Partnership Limited by Shares
As explained under Article 564, the partnership limited by shares is a company, the capital of which is divided into shares and one or more of the partners of which is liable like the shareholder of a general partnership against the company creditors and the others are liable like the shareholder of a joint-stock company. In case the capital is divided into parts only in order to indicate the capital participation ratios of numerous silent partners without being divided into shares, the provisions for limited partnership are applied.
For the establishment of partnership limited by shares, the articles of association is regulated in writing and signed by the founders and active partners. The relevant signatures shall be approved by the notary.
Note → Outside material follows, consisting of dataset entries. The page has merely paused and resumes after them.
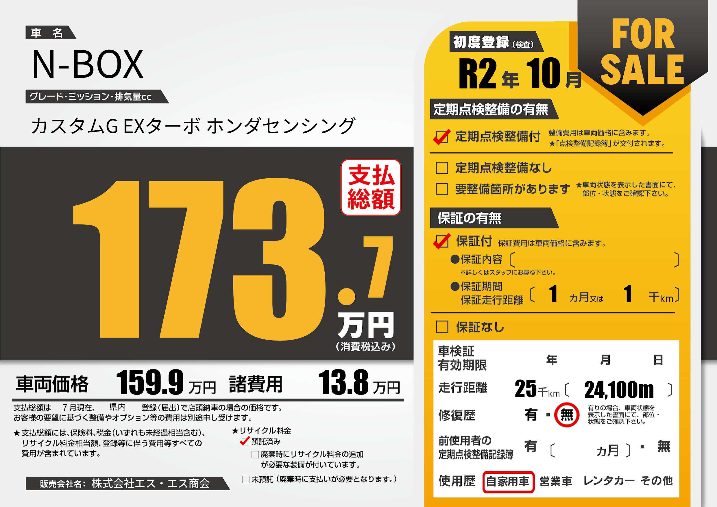 | 車名 | N-BOX | グレード ミッション 排気量 |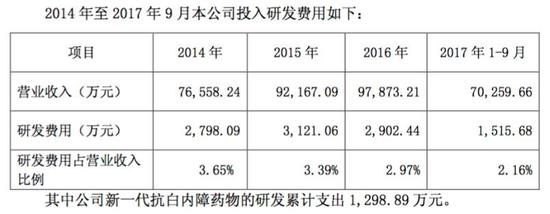 同时,有意思的是,公司所称的累计研发支出1298.89万元新产品,也是“抗白内障”药物。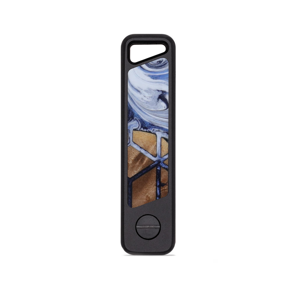 A sleek and rugged keyholder machined from a solid block of aluminum with unique inlay. It's lightweight, ultra-durable, and built to keep your keys organized without the jingle. Holds up to 6 keys in a compact, no-bulk design. Just unscrew, slide your keys on, and tighten it back up. Removable clip on reverse side.

The partnership limited by shares is established by at least (5) five partners. The partners are divided as active partners and silent partners. One of the partners shall be an active partner. The shares of each silent partner, who has the title of founder, shall be specified in the articles of association.
For the establishment of partnership limited by shares, the provisions with respect to the establishment of joint-stock companies are applied. In the business life, it is not common to encounter with the partnership limited by shares.
COOPERATIVES
In line with Article 11 of the Cooperatives Law No. 1163223, the enterprises with different shareholders and different capitals, established by the real and public legal entities and special administrations, municipalities, villages, communities, and associations, with legal personality in order to ensure and protect certain economic interests of the shareholders and particularly their needs concerning their professions and livelihoods through mutual aid, solidarity and surety are called cooperative. The cooperatives have legal personality, and they can be established with at least seven (7) people. With respect to the situations regarding which there is no provision within the framework of the Cooperatives Law No. 1163, the provisions of the Turkish Commercial Code are taken into consideration.